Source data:

____________________

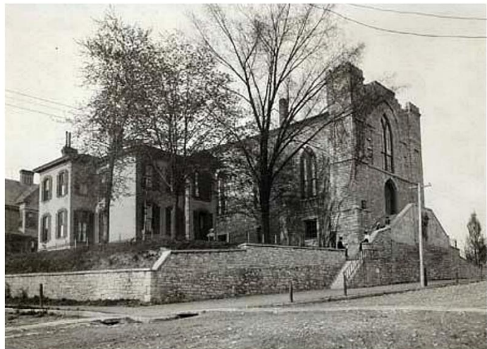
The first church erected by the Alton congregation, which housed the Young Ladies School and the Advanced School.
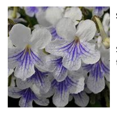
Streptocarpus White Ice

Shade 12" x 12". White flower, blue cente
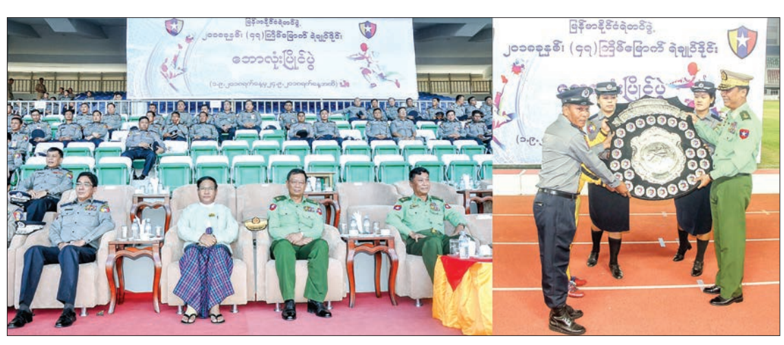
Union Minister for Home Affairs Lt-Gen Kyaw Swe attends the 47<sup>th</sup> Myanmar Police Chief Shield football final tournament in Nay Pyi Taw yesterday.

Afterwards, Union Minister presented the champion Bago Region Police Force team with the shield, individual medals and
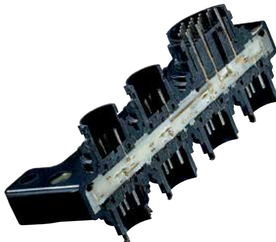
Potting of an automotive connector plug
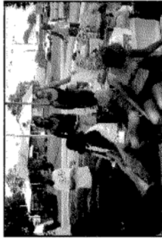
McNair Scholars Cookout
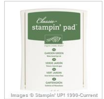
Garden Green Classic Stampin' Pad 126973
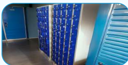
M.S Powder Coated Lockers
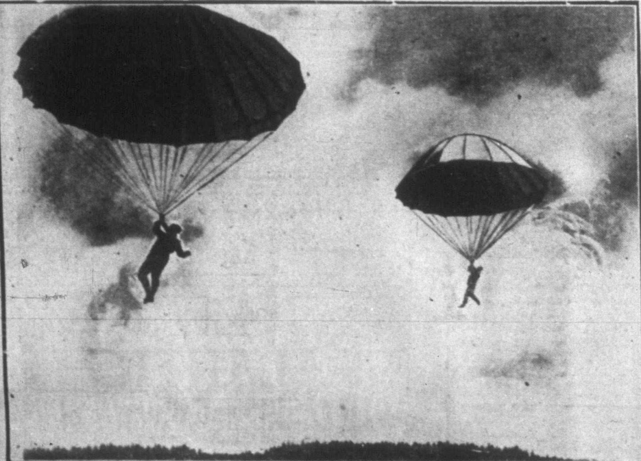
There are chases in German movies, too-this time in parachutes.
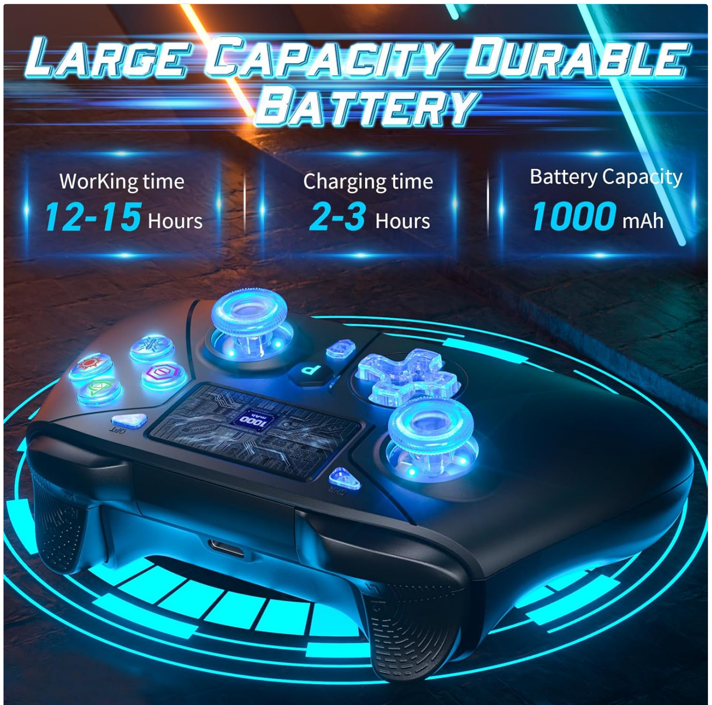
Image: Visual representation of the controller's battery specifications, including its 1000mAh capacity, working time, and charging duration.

____________________

■ Your instructions
Without the pictures, print the records in full, exactly as they appear.

■ Answer below
The first church erected by the Alton congregation, which housed the Young Ladies School and the Advanced School.
Streptocarpus White Ice

Shade 12" x 12". White flower, blue cente
Union Minister for Home Affairs Lt-Gen Kyaw Swe attends the 47<sup>th</sup> Myanmar Police Chief Shield football final tournament in Nay Pyi Taw yesterday.

Afterwards, Union Minister presented the champion Bago Region Police Force team with the shield, individual medals and
Potting of an automotive connector plug
McNair Scholars Cookout
Garden Green Classic Stampin' Pad 126973
M.S Powder Coated Lockers
There are chases in German movies, too-this time in parachutes.
Image: Visual representation of the controller's battery specifications, including its 1000mAh capacity, working time, and charging duration.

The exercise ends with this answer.